* **Extracted entries**:

⟨

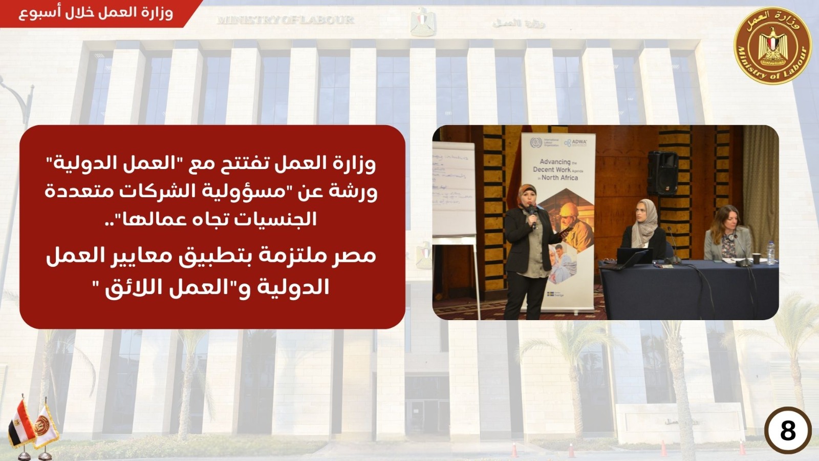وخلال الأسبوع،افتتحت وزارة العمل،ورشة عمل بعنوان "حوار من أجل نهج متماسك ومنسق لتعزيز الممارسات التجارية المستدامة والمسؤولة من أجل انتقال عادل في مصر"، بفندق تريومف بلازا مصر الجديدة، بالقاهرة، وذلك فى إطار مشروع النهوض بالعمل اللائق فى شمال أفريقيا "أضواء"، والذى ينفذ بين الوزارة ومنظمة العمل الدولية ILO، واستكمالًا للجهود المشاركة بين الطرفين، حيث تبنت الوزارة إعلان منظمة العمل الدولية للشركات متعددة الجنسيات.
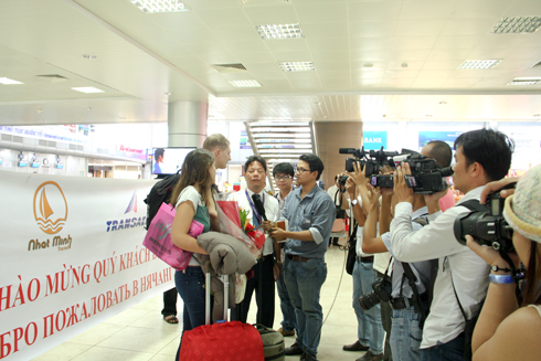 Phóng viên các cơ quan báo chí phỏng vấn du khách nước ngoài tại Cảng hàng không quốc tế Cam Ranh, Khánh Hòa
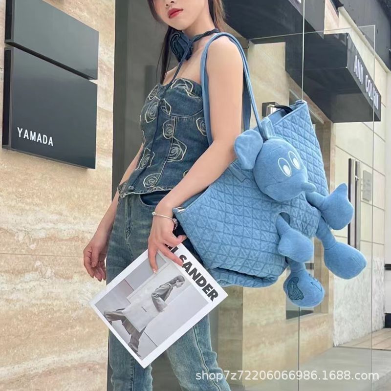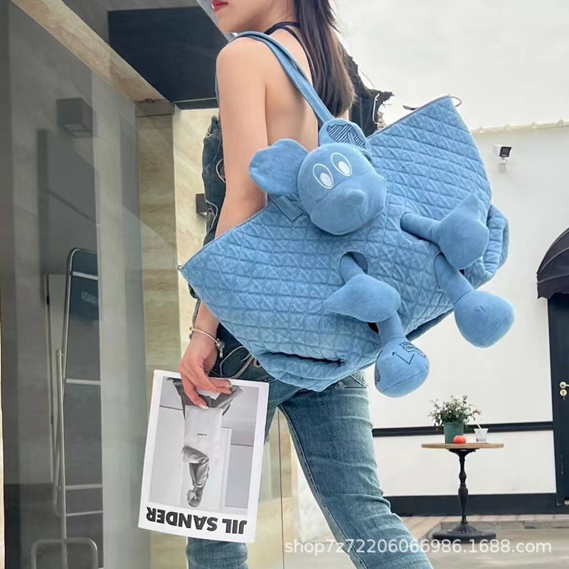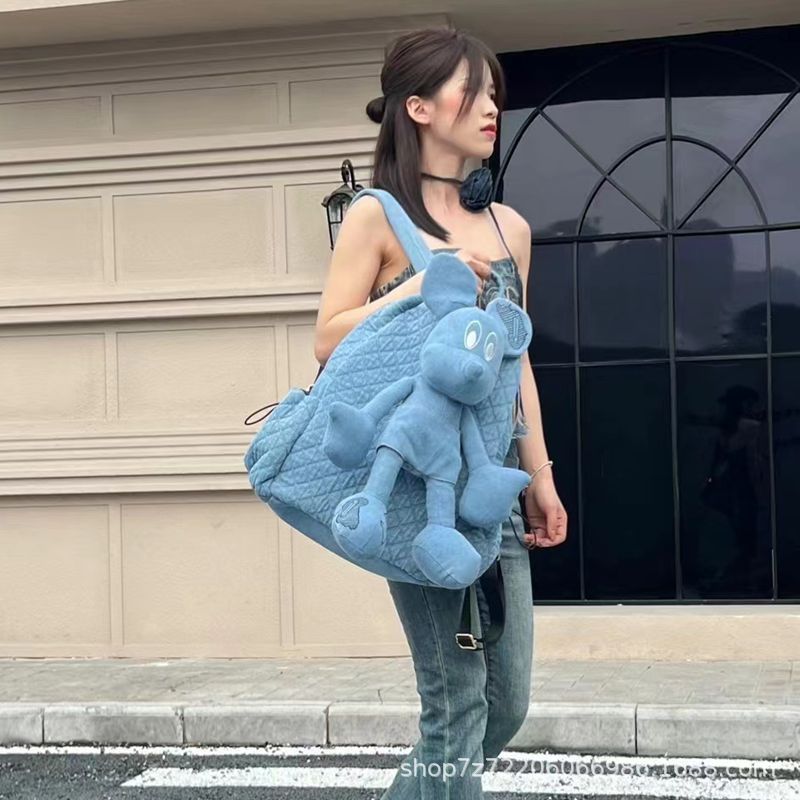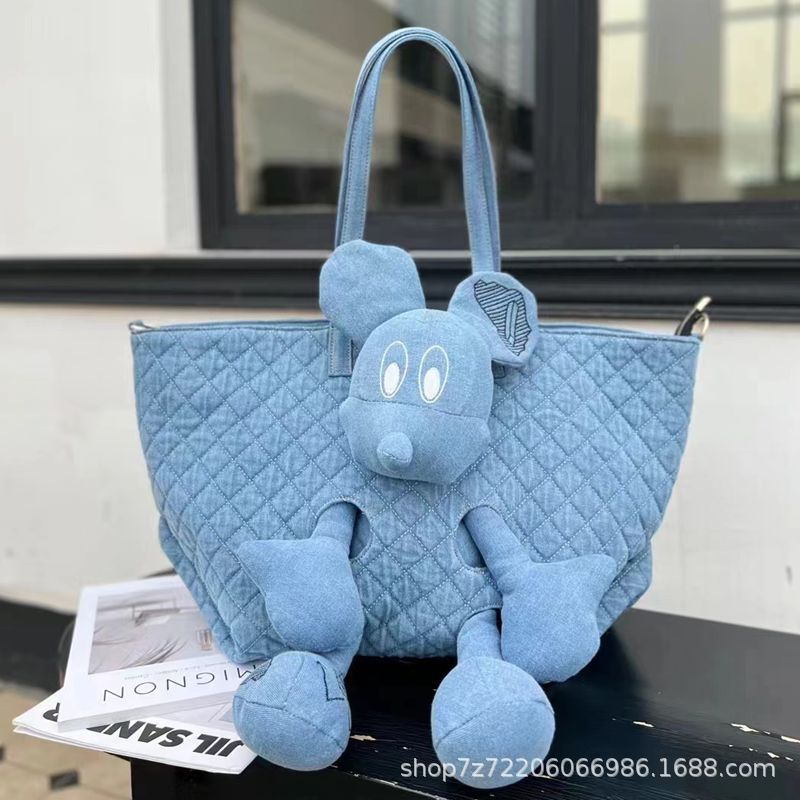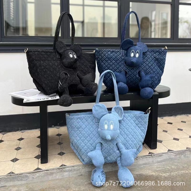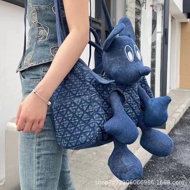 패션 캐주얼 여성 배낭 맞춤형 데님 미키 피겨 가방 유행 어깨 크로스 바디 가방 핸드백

⟩
⟨

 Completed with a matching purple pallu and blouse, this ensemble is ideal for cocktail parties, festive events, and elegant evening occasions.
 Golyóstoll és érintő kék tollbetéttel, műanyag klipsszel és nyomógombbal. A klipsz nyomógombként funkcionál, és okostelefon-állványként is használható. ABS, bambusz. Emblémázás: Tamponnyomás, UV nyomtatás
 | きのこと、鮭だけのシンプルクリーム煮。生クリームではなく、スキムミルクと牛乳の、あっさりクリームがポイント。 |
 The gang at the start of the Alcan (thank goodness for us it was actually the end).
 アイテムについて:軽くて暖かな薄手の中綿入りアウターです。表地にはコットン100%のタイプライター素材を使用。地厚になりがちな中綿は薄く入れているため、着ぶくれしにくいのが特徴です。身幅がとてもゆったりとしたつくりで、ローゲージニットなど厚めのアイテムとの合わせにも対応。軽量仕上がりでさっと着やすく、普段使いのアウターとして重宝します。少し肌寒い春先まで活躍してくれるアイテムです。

⟩

* **Task instructions**:
Pictures aside, print exactly the lines above starting with the one containing "Phóng viên các" and going on through the one containing "패션 캐주얼 여성 배낭".

* **Answer for this exercise**:
 Phóng viên các cơ quan báo chí phỏng vấn du khách nước ngoài tại Cảng hàng không quốc tế Cam Ranh, Khánh Hòa
 패션 캐주얼 여성 배낭 맞춤형 데님 미키 피겨 가방 유행 어깨 크로스 바디 가방 핸드백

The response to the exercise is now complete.